Sunday, May 11, 2014

British state manoeuvres lie behind the arrest of Sinn Fein president Gerry Adams

Repost from Great Britain's Socialist Worker:



British state manoeuvres lie behind the arrest of Sinn Fein president Gerry Adams

by Simon Basketter



Gerry Adams, president of Sinn Fein
Gerry Adams, president of Sinn Fein (Pic: Sinn Fein/flickr)



Gerry Adams, the president of Sinn Fein, was arrested last week. 

The arrest was in connection with the 1972 abduction and killing of Jean McConville. Jean McConville was a widow and mother of ten alleged by the IRA to have been an army informant.

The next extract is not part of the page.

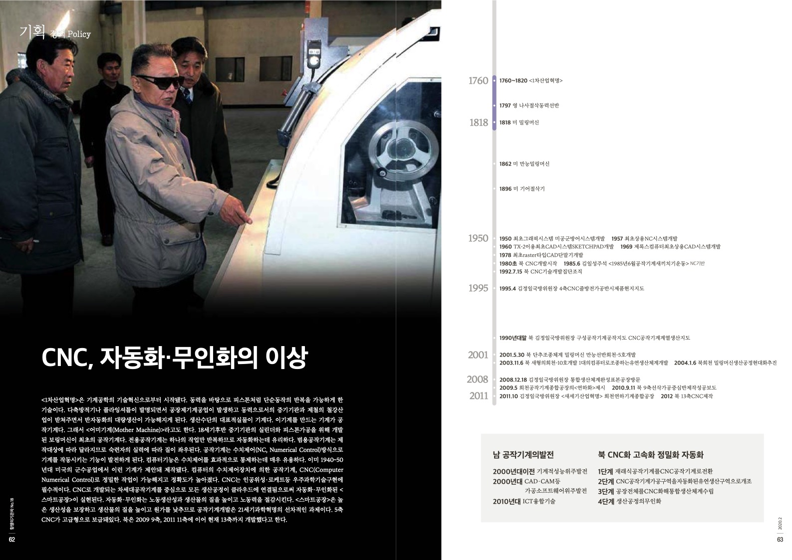 <1차산업혁명>은 기계공학의 기술혁신으로부터 시작됐다. 동력을 바탕으로 피스톤처럼 단순동작의 반복을 가능하게 한 기술이다. 다축방적기나 플라잉셔틀이 발명되면서 공장제기계공업이 발생하고 동력으로서의 증기기관과 제철의 철강산 업이 받쳐주면서 반자동화의 대량생산이 가능해지게 된다. 생산수단의 대표적실물이 기계다. 이기계를 만드는 기계가 공 작기계다. 그래서 <어미기계(Mother Machine)>라고도 한다. 18세기후반 증기기관의 실린더와 피스톤가공을 위해 개발 된 보링머신이 최초의 공작기계다. 전용공작기계는 하나의 작업만 반복하므로 자동화하는데 유리하다. 범용공작기계는 제 작대상에 따라 달라지므로 숙련자의 실력에 따라 질이 좌우된다. 공작기계는 수치제어(NC, Numerical Control)방식으로 기계를 작동시키는 기능이 발전하게 된다. 컴퓨터기능은 수치제어를 효과적으로 통제하는데 매우 유용하다. 이미 1940~50 년대 미국의 군수공업에서 이런 기계가 제안돼 제작됐다. 컴퓨터의 수치제어장치에 의한 공작기계, CNC(Computer Numerical Control)로 정밀한 작업이 가능해지고 정확도가 높아졌다. CNC는 인공위성·로케트등 우주과학기술구현에 필수적이다. CNC로 개발되는 차세대공작기계를 중심으로 모든 생산공정이 클라우드에 연결됨으로써 자동화·무인화된 < 스마트공장>이 실현된다. 자동화·무인화는 노동생산성과 생산물의 질을 높이고 노동력을 절감시킨다. <스마트공장>은 높 은 생산성을 보장하고 생산물의 질을 높이고 원가를 낮추므로 공작기계개발은 21세기과학혁명의 선차적인 과제이다. 5축 CNC가 고급형으로 보급돼있다. 북은 2009 9축, 2011 11축에 이어 현재 13축까지 개발했다고 한다.

She was a Protestant in a mixed marriage who had moved to the Lower Falls area after loyalists drove her and her husband out of east Belfast.


Adams, former MP for Belfast West and now a member of the Irish parliament, denied any part in the killing.
Tory Northern Ireland secretary Theresa Villiers said, “We believe in the rule of law and that people who committed terrorist crimes must face the consequences if the evidence exists to prosecute.”

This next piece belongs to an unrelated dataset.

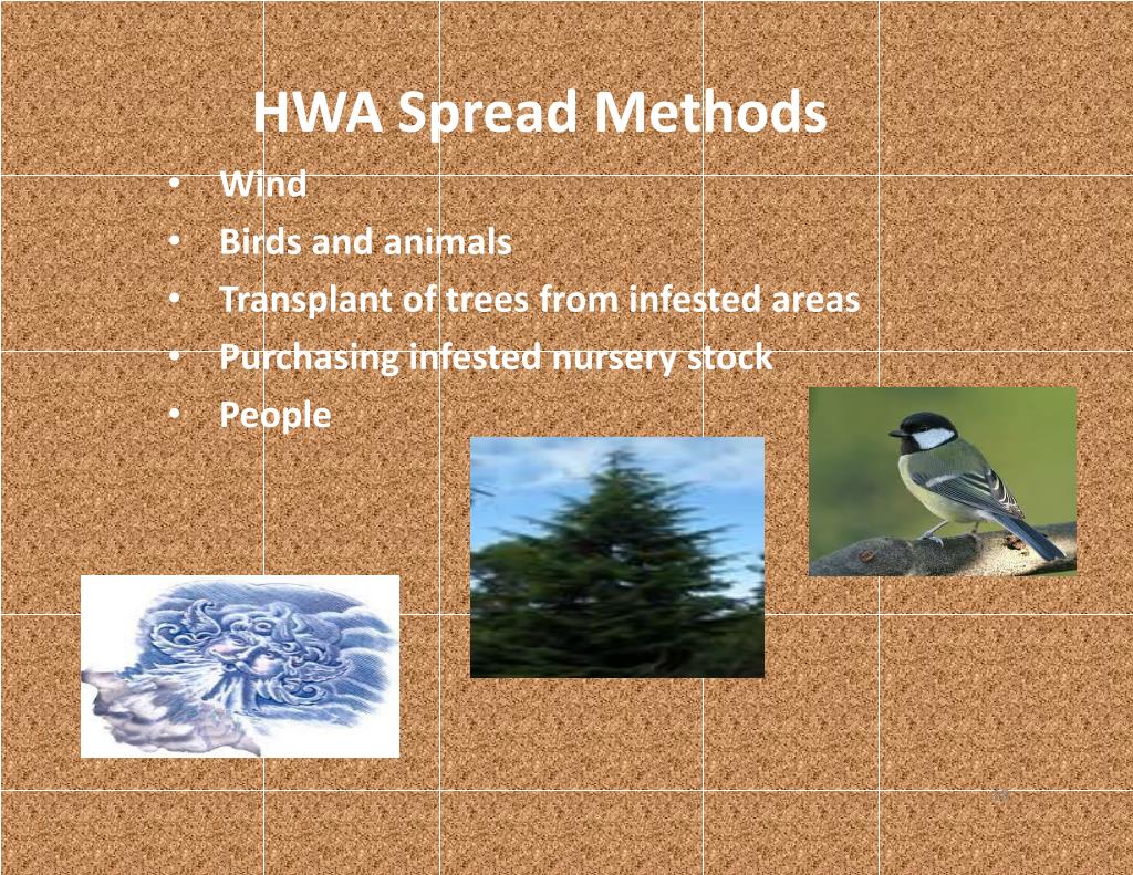 HWA SpreadMethods Wind Birds and animals Transplant of trees from infested areas Purchasing infested nursery stock People

The Tories are keen to move away from investigations into state terror and British involvement with sectarian murder. Villiers said there would be a “fresh approach” to the past. It will focus on “the wrongdoing of paramilitaries” and move away from reckoning with the “activities of the state”.


Villiers announced a day before Adams’ arrest that she would block an independent review into the 1972 murder by British paratroopers of 11 unarmed civilians—including a mother of eight—in Ballymurphy.


Violence


Unionist politicians have long complained that too much attention has been paid to state violence.

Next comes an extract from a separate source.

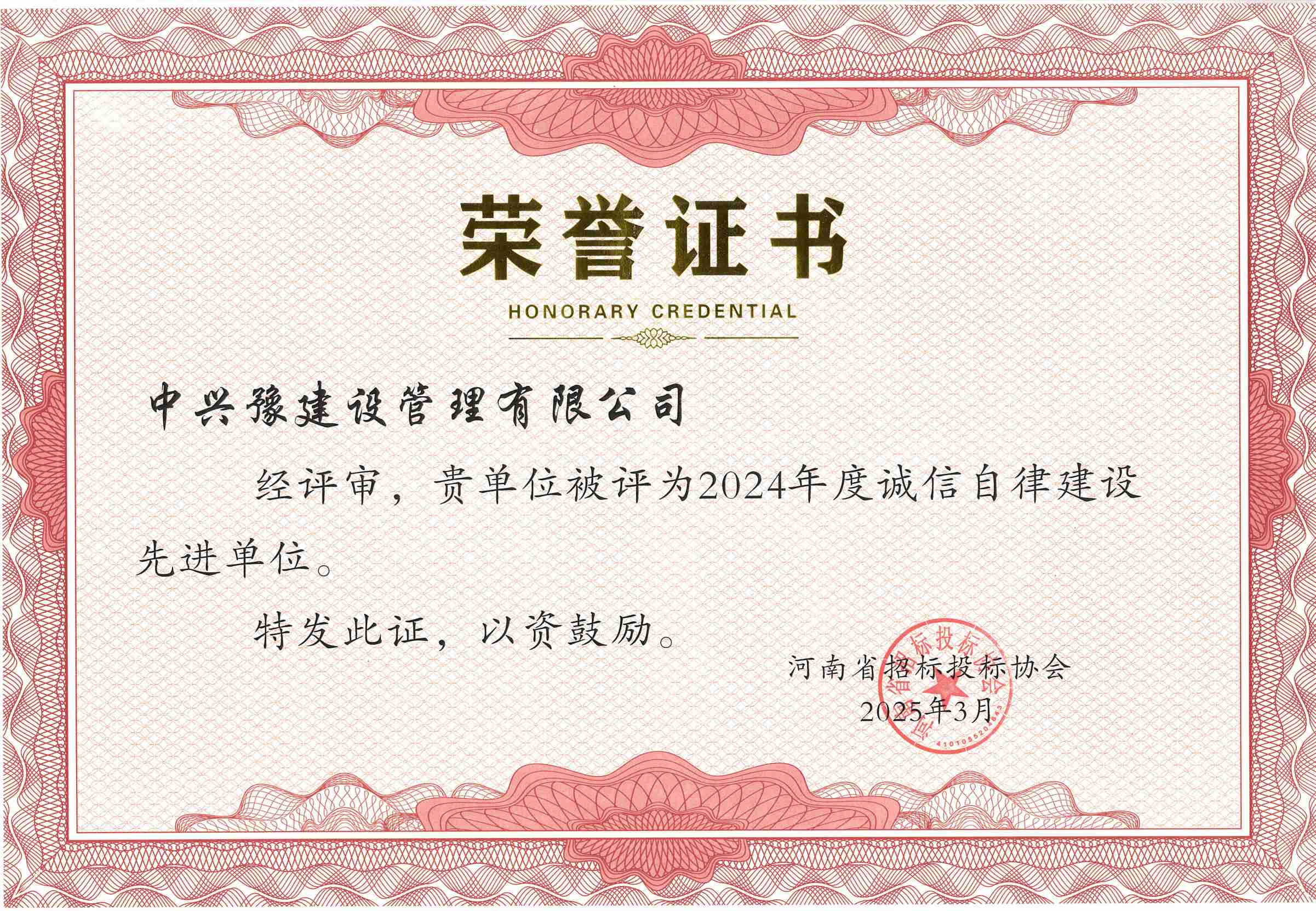 近日,河南省招標(biāo)投標(biāo)協(xié)會(huì)發(fā)布關(guān)于表彰2024年度誠信自律建設(shè)先進(jìn)單位、先進(jìn)個(gè)人的決定。其中,中興豫建設(shè)管理有限公司榮幸入選“2024年度誠信自律建設(shè)先進(jìn)單位”。

There is a convergence of interest over the Adams arrest. Unionist politicians are looking to shore up support. The Tories want to rewrite the history of the Troubles. The Southern Irish establishment is happy for Sinn Fein to be taken down a peg in the run-up to elections.


And while Sinn Fein has made its peace with the Police Service of Northern Ireland, the reverse is not the case.


For more than a quarter of a century the full power of the state was applied to suppressing a popular nationalist insurgency in the North.


Tens of thousands of young men and women were jailed and interned. Substantial numbers were tortured or killed in an effort to shore up a repressive and sectarian state.


As Socialist Worker’s sister paper in Ireland put it, “The British state’s selective approach to the past is not just about maintaining its control over a staggering peace process that requires permanent life support in order to survive.


“The kind of stability that they seek to preside over for Northern Ireland requires a rendering of the past that casts them as a neutral party presiding over warring tribes, and in many ways it is Sinn Fein’s complicity in this charade that has allowed them to get away with it.”


Read more from our Irish sister paper at bit.ly/1j38f9f

Money for tape access

Allegations against Gerry Adams are included in taped interviews with former IRA members, recorded as part of an oral history project for Boston College in the US.
The British government poured huge resources into bringing a
high-profile court case in the US to win access to the transcripts.
The former paramilitaries were told that the tapes would not be made public until after their deaths.
Ivor Bell who gave interviews to the Boston project, was charged in March with aiding and abetting the murder of Jean McConville and membership of the IRA.
The Boston recordings include testimony alleging that Adams ordered the abduction and murder of Jean McConville.